Je termine enfin sur la notion incontournable de complexité. Il est très désagréable de s’entendre dire
sur un ton toujours un peu condescendant, par quelqu’un à qui on parle avec conviction et sincérité, que
la réalité est en fait « un peu plus complexe » que ce que l’on vient d’exposer. Mais que signifie la
notion de complexité ?
En physique le concept de complexité, si l’on accepte la théorie du Big Bang, renvoie à la multiplication
des éléments et des relations entre eux. Ce n’est pas de cette complexité dont il est question ici.
Lorsque que nous disons que le monde est complexe cela représente en fait un moyen de s’en
convaincre pour tuer l’autre. S’il existe un manque de respect moral et intellectuel caractéristique il se
place précisément dans les répliques du type « le monde est complexe », « c’est une utopie », « tes
idées sont simplettes ».
Comment peut-on dire que notre monde est complexe si l’on se réfère à l’histoire ? Vous croyez que la
situation était plus simple pendant la guerre de cent ans ?
Pour en revenir aux Kogis nous avons là aussi un bel exemple de complexité en dehors de notre
monde.
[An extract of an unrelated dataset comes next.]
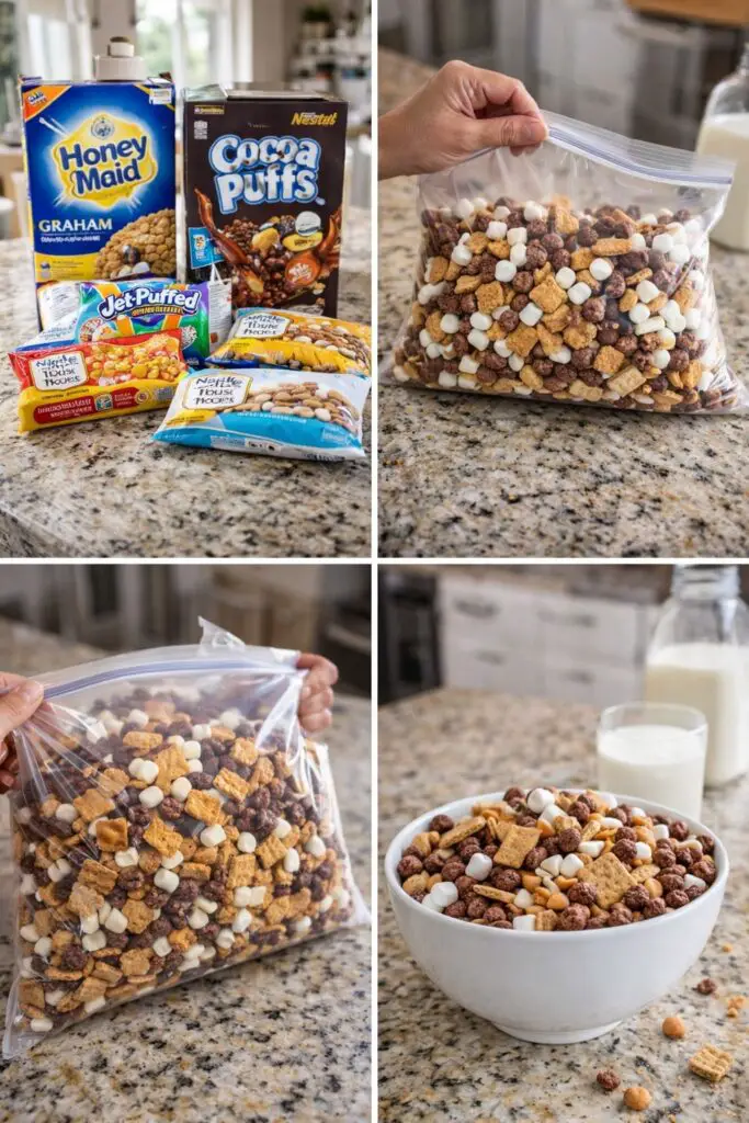 Smores Snack Mix Cereal uses simple ingredients that deliver a perfect balance of textures. Chocolate cereal forms the crunchy base, while mini marshmallows add softness and sweetness. Graham cracker pieces bring that signature s’mores flavor, and chocolate chips provide rich bursts of chocolate in every bite.

De nombreuses et très intéressantes études ethnographiques ont été réalisées sur les Kogis, et
tous les chercheurs s’accordent à dire qu’ils ont été incapables de comprendre l’imaginaire Kogi. Les
Kogis ont neuf mondes et cela requiert beaucoup de temps : un shaman consacre trente années de sa
vie à apprendre, et il passe les neuf premières dans le noir constant afin d’apprendre à passer d’un
monde à l’autre. Ce monde Kogi est-il simple ?
On ne peut pas dire sérieusement que notre monde est complexe, parce qu’un monde n’est pas plus
complexe qu’un autre. Un monde est simplement différent d’un autre, et il nous faut respecter les autres
mondes.
Mais que désirons-nous lorsque nous nous répétons que notre monde est complexe et incertain ? Nous
voulons dire que nous le subissons, que nous en sommes prisonniers et surtout que nous ne pouvons
pas le changer ce qui constitue un impossible massif. C’est cet impossible là qui est le moins
respectueux vis-à-vis de nous mêmes comme vis-à-vis des autres.